かとりょークロニクル または私は如何にして学部就職するのを止めてコードを愛するようになったか

本記事は「はぐれ学生Advent Calendar 2013」という企画のひとつです。 本企画では「はぐれ学生」とは、大学などの学校を中退、休学、留年した方、また、仮面浪人やちょっと変わった進路を選んだ方などを指すことにします。

1日前、12/4の記事はid:gfx さんのはぐれ学生だった話から飛んでグダグダ語るです

かとりょーです。留年 → 専門を変えて大学院進学 という経歴と、プログラミングについて書きます。

はぐれ学生となった経緯

  1. 京都大学の農学部に入学
  2. ゲーム作ってたら留年する
  3. 就活の最中に就職するのがイヤになる
  4. 京都大学大学院の情報学研究科に進学する

こういうことがあった。
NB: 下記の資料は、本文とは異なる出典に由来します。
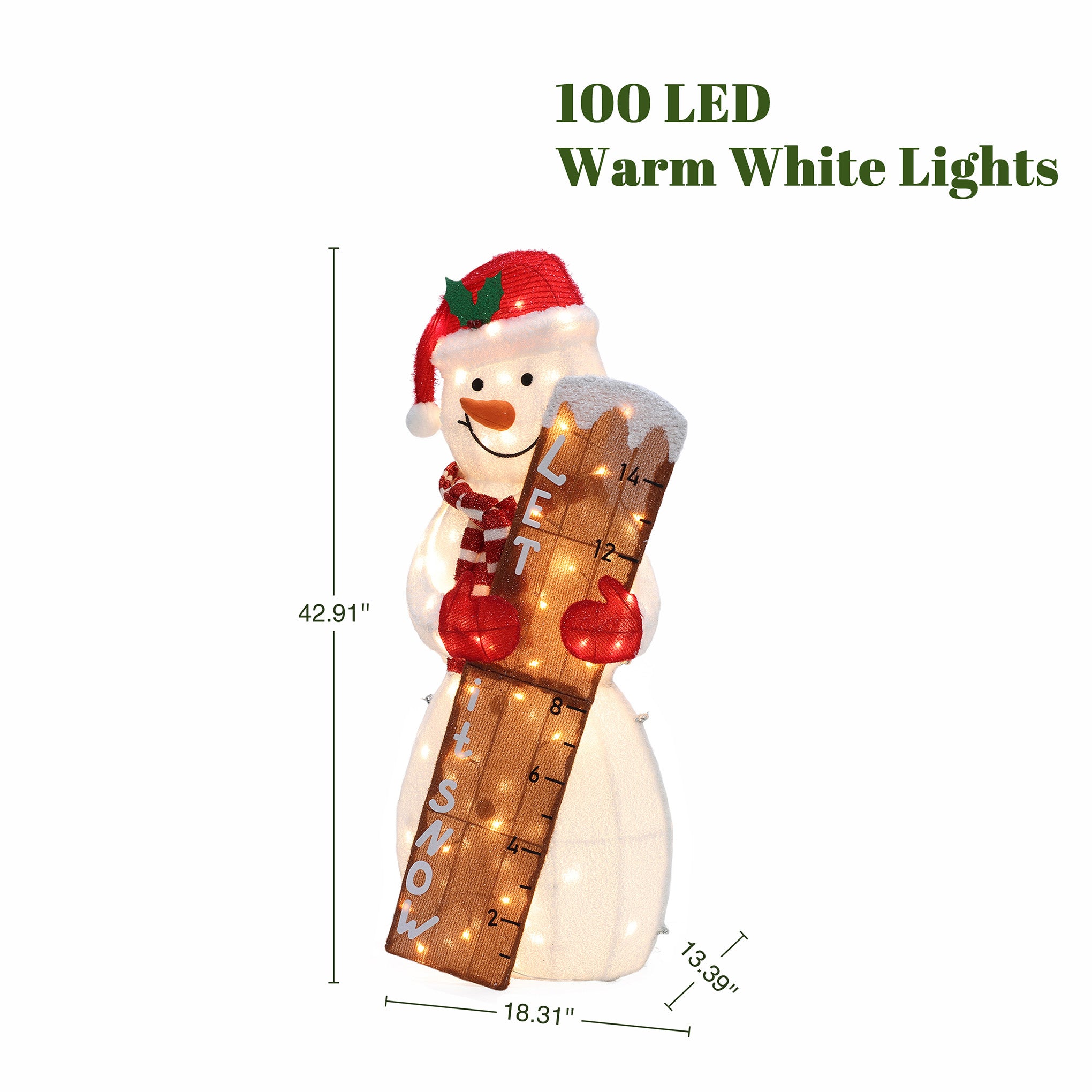 Crafted with a metal frame and plush polyester covering, this snowman offers both durability and charm. Illuminated by 100 warm white LED beads for nighttime magic. Weather-resistant and plug-in ready, setup is quick and easy.

以下に詳細を記す。

詳細な経緯

農学部に入学

2007年に京都大学農学部地域環境工学科に入学した。理系だけど女子の割合が高い(30%くらい)ので農学部を選んだ。

なお京都大学の農学部の入試はかなり特殊な方式を採っている。受験者は農学部内の6つの学科から第1〜第3希望までを選ぶ。採点時、成績のいい順番に受験者を並べ、第一志望から、空きがあったら入れていく。つまり、成績がいいと第一希望学科に入れるが、中途半端な成績だと第三希望の学科に入ることになる。僕は中途半端な成績だった。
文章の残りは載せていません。